I have also helped a small company to overhaul their information system for collection of production data to a year 2000. The system was designed well, with 4 digits for year, but somebody very clever at the company thought many years before 2000 that they will save a bit of time when they start entering year in two digits – 89 instead of 1989. So when 2000 rolled over, the records for new production were at the bottom of the list, well below dates beginning with 8x and 9x. You can’t simply replace dates in all tables at once to the correct value, because tables in a database are in “relations” so the database will not allow you to, for example, delete a client when there are jobs associated with his ID, because those records would be “orphaned”. So it was a complicated process that had to . Even if it was basically just replacing 99 with 1999, 98 with 1998 … . You have to backup everything first, so they do not lose more than a decade of production records when you screw something up.

Anonymous 0 Comments

Yes it was, but the paranoia got out of control due to the media coverage.
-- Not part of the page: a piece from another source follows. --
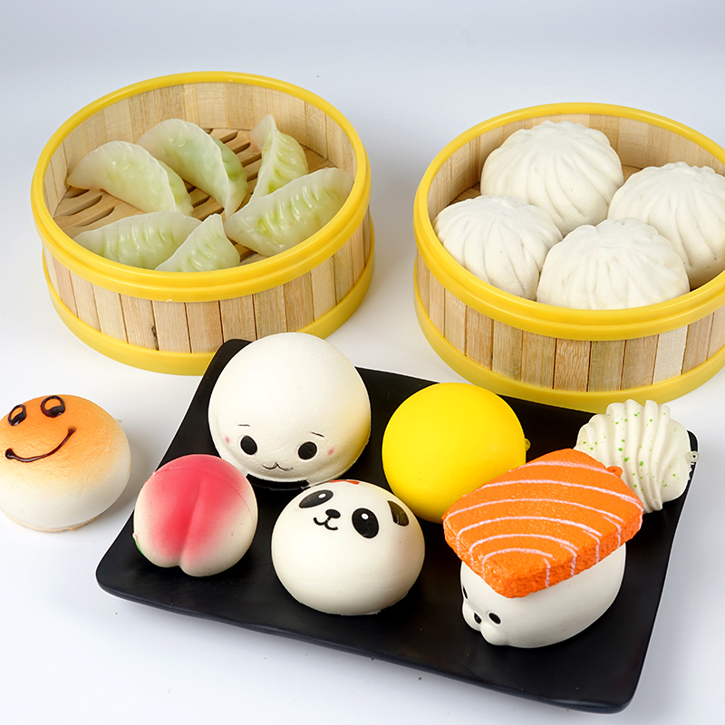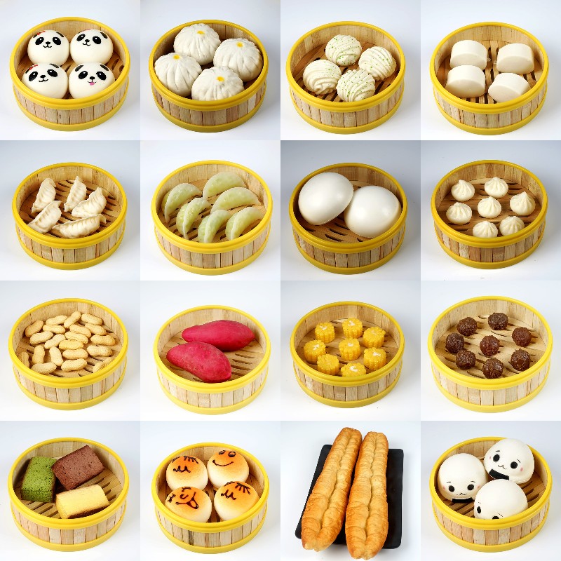 Cyan mix bag set of small water dumplings a set of steamed stuffed buns a set of panda bags a set of raw meat packs a set of milk yellow bags a set of bean sandbags a set of flower rolls a set of small omelets a set of egg tarts a set of sushi
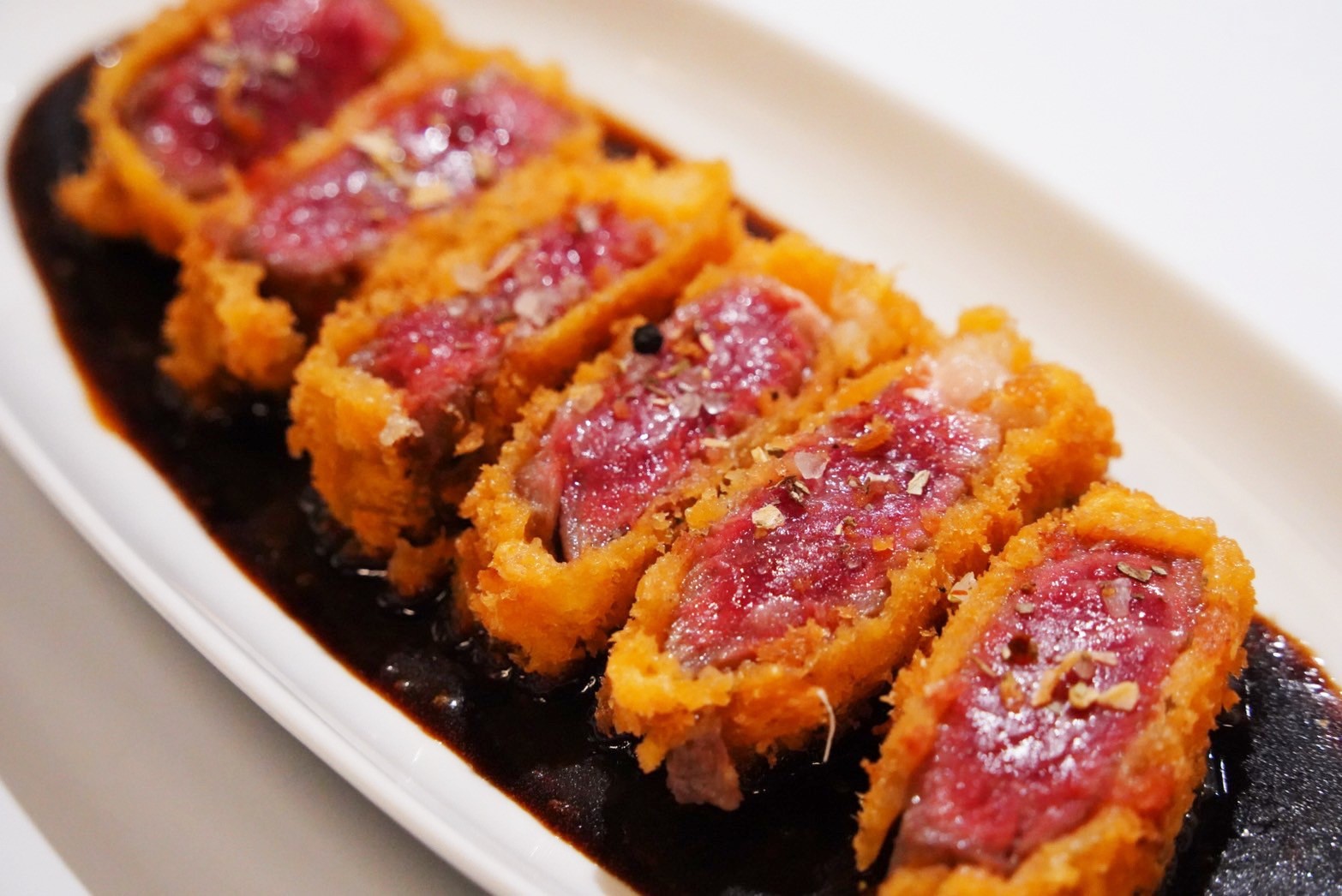 天王寺店限定メニューとして「黒毛和牛のレアカツ」(1,408円)をご用意。黒毛和牛の経産牛(仔牛を生んだことのあるメス牛)をたっぷり150グラム使い、中はレアな状態で仕上げています。経産牛ならではの、深い味わいと柔らかな食感をお楽しみいただけます。「Bistroフレンチマン」の名物料理をアレンジした「うにとイクラの冷製パスタ」(2,178円)をはじめ、ホールチーズにパスタをからめて仕上げる「ホールチーズのクリームパスタ」(770円~)、バターを効かせた「ひとくち焼きウニぎり」(385円)など30種類以上そろえています。食材によって異なるソースをかけて提供する「串焼き」(8種類、1本275円~)、ショーケースに日替わりで並ぶ「小皿料理」(約20種類、198円~)など小ポーションのメニューも豊富で、お一人様や2軒目使いとしてもご利用いただけます。

Keep in mind that in 1999 personal computers were common and the internet existed, but they were nowhere near as common or understood as they are now. Smartphones didn’t exist either. So while a lot of businesses were computerized the average person was less likely to understand how a computer worked and therefore could panic about it.

Y2K could have been really bad but only if companies hadn’t addressed it. If the software hadn’t been fixed bank statements, utility bills, insurance companies, etc could have had serious problem on Jan 1, 2000.

But it’s not like the problem was only discovered with 6 months to go… it was well understood that it would be a problem for well over a decade.

IT people had spent a decade getting software and hardware upgraded to get rid of the Y2K bug, and companies spent tons of time in ’98 + ’99 testing everything to make sure there wasn’t a problem.

By the time Dec 31, 1999 came around just about all the bugs had been worked out but the media had blown it up so much that everyone was very panicky about it.

People refused to fly, some people bought up supplies and food in case they couldn’t buy anything Jan 1, people were powering down their houses to avoid surges, it was nuts.

My former boss was working at a bank during Y2K and they spent New Years Eve in the server room eating Chinese food and monitoring all the banking software in case something exploded… it didn’t.

In the end nothing of consequence happened.

The craziest thing was what happened to Canada’s Space Channel.

On New Years at midnight they started a fake news broadcast about how Y2K had destroyed the world. Reporting the power grid was collapsing, planes were falling out of the air. There was a man on fire walking in the background. It was hilarious. They ended the segment with the text ‘In the spirit of War of the Worlds’

Anonymous 0 Comments

Hundreds of thousands of hours of mitigation. We got there. We won this one. D’ya think we’ll win 2038?